Small-Cap or Large-Cap: Which is Better Investment
If you have ever taken courses in finance, you probably remember the term CAPM — Capital Asset Pricing Model. The model calculates the expected rate of return for an asset or investment and as a rule, higher EXPECTED returns are ASSOCIATED with higher anticipated risks/volatility.
Now, EXPECTED and ASSOCIATED are capitalized for a reason. In other words — if an investor wants to receive higher expected returns, the investor needs to create a portfolio that is deemed riskier from the perspective of the markets.
If we were to rank assets from the least risky to the riskiest, the ranking would be like that: government bonds, investment-grade corporate bonds, high-yield corporate bonds, large-cap stocks, small-cap stocks, etc.
Аre small-cap stocks riskier than large-cap ones?
Two asset classes hold our attention, and we want to point your attention to them — large-cap and small-cap stocks.
The first question we want to answer — are small-cap indeed riskier than large-cap stocks. As a proxy for large-cap stocks, we will use S&P500, and for small-cap stocks — Russell 2000 indexes (and their ETFs – SPY and IWM, respectively).
According to AlphaQuery.com, the average 180-day IWM realized volatility has been around 20% and at present is at 26.33%. According to the same source, the average 180-day realized volatility for SPY has been about 15%; at present, it is 23.12%.
So, looking at the results above, we can conclusively answer our question. Yes, small-cap stocks are riskier than large-cap stocks as they exhibit higher volatility daily. If this is the case, according to CAPM, one would expect small-cap stocks to offer higher returns to investors. Let’s see if that is the case:
S&P500 vs. Russell 2000 historical performance
Surprisingly, for the last ten years, the S&P500 has returned without dividends, 190%, while at the same time, the Russell 2000 has returned 128.50%. Since the dividend yield for S&P500 is higher than that of Russell 2000, if dividends are calculated, the outperformance of the S&P500 will be even higher.
While on a 30-year basis, the outperformance of the S&P500 relative to Russell 2000 is not that much, it is still there! S&P500, without dividends, has returned 840%, while the Russell 2000 has yielded only 770% without dividends for the same period.
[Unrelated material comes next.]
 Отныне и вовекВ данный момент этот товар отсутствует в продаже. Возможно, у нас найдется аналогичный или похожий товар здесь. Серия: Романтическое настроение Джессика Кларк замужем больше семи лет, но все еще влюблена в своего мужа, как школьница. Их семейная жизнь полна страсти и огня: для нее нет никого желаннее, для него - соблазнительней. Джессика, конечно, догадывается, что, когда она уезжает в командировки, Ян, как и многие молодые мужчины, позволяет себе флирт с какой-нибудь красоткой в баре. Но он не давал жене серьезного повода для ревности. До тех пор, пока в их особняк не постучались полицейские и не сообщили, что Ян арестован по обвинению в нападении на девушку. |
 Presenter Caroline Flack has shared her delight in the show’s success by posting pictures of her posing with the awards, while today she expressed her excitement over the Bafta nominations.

In the CAPM world, there is a term for such underperformance — inefficient portfolio. Small-cap stocks have underperformed large-cap stocks, and this underperformance is evident not only on a risk-adjusted basis but even on an absolute basis.
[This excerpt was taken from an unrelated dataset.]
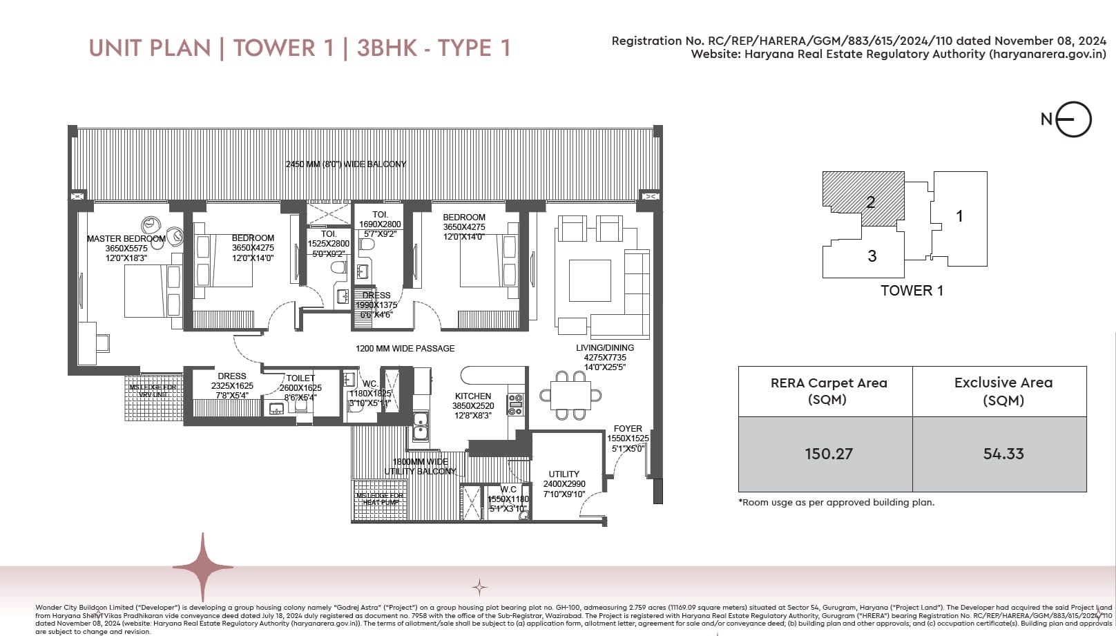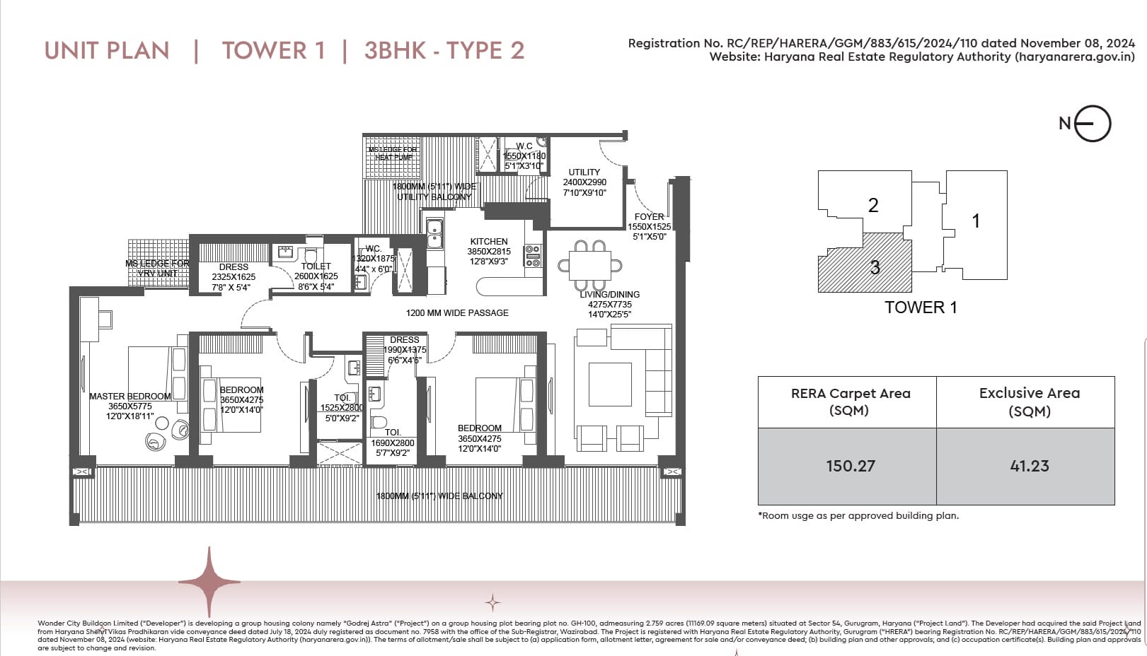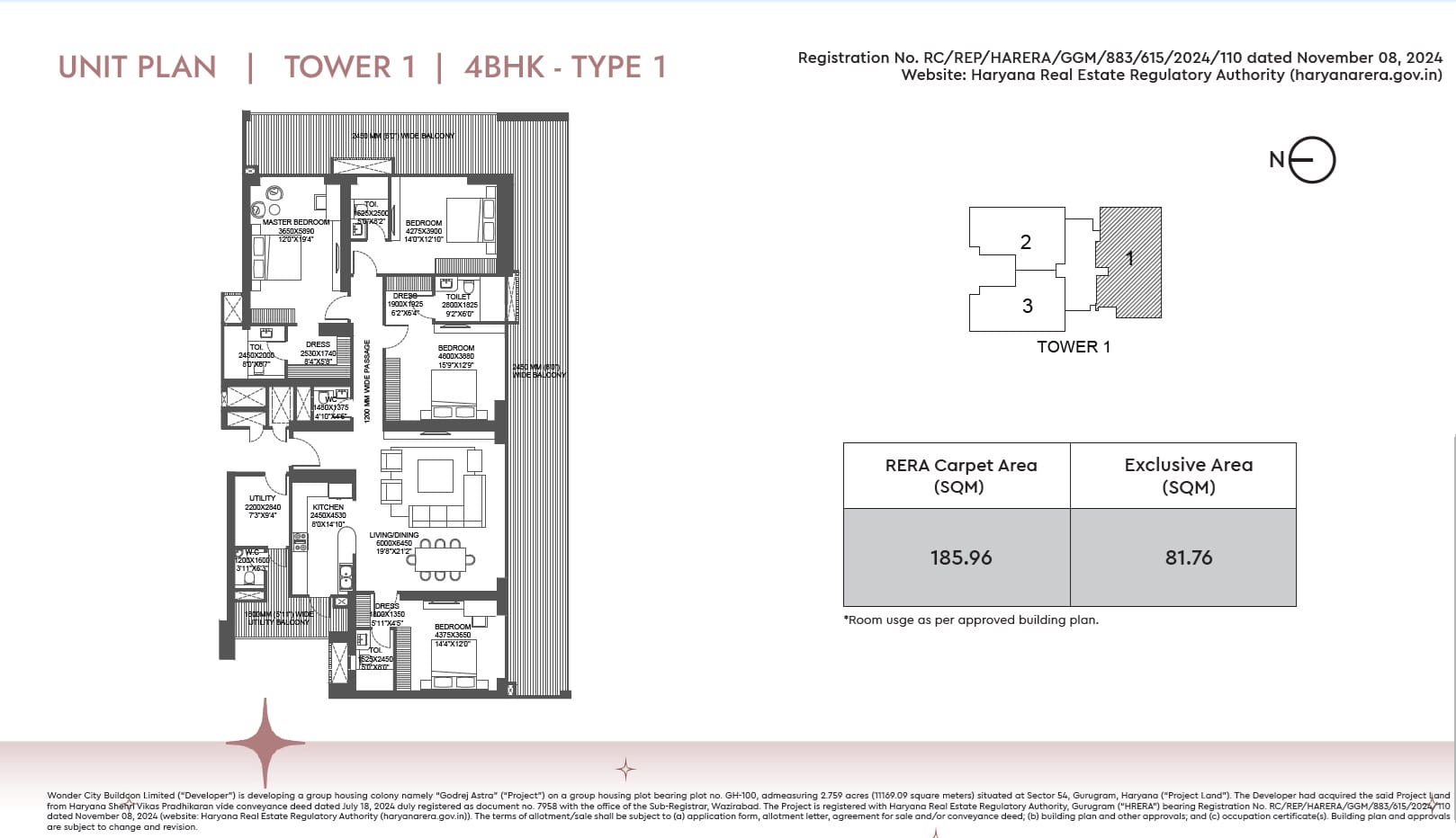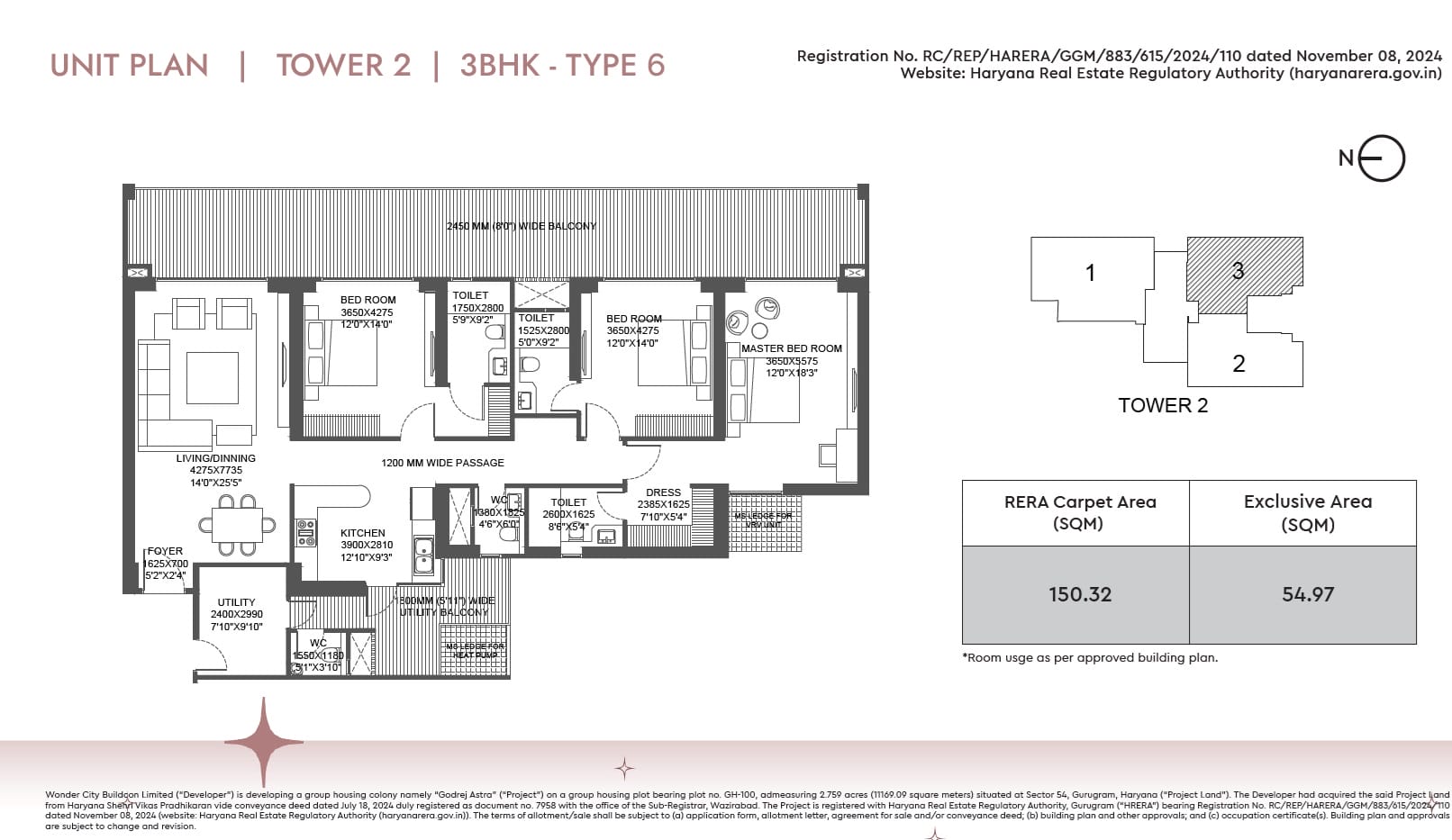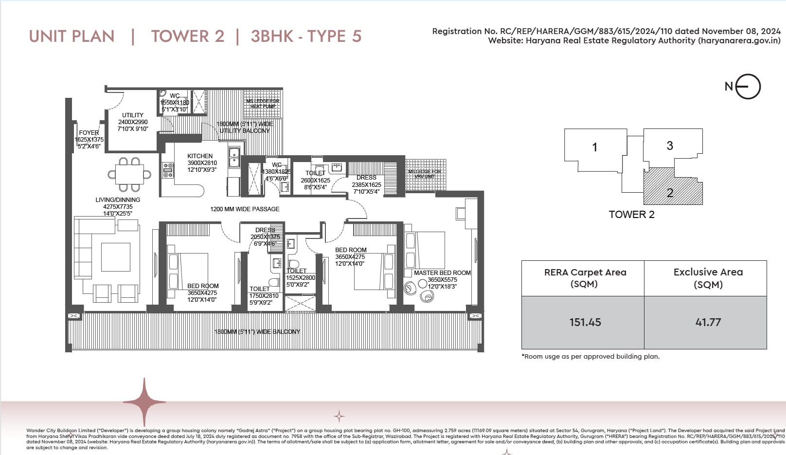 Yes, the project is RERA registered with RERA Number: GGM/883/615/2024/110.

So, small stocks HAVE underperformed, but the question is whether we can expect this underperformance to continue.
S&P500 vs. Russell 2000 P/E Ratios
Let’s look at historical forward P/E Ratios for both indexes. Let’s start with S&P500 — according to Yardeni Research, the S&P500 forward P/E Ratio is currently at 18.3. The current reading represents a long-term average for that statistic. The last 25-year range has been between 11 and 23.
According to the same source, the forward P/E Ratio for Russell 2000 is currently sitting at 23.4, which is very much in line with historical averages. It is undoubtedly ABOVE the level of 15—16 that was associated with the 2008 Global Financial Crisis.
In conclusion, small-cap stock indexes like Russell 2000 have historically underperformed large-cap indexes like S&P500.
Despite this historically significant underperformance, small-cap stock indexes continue to be priced similarly to large-cap indexes, and their respective P/E ratios tend to move likewise. Not only that, but the Russell 2000 P/E Ratio continues to trade at a premium of 30% to that of the S&P500 P/E Ratio.
In our opinion, this premium is TOO HIGH, does NOT seem justified by long-term absolute returns, and hence we will avoid the small-cap sector ENTIRELY.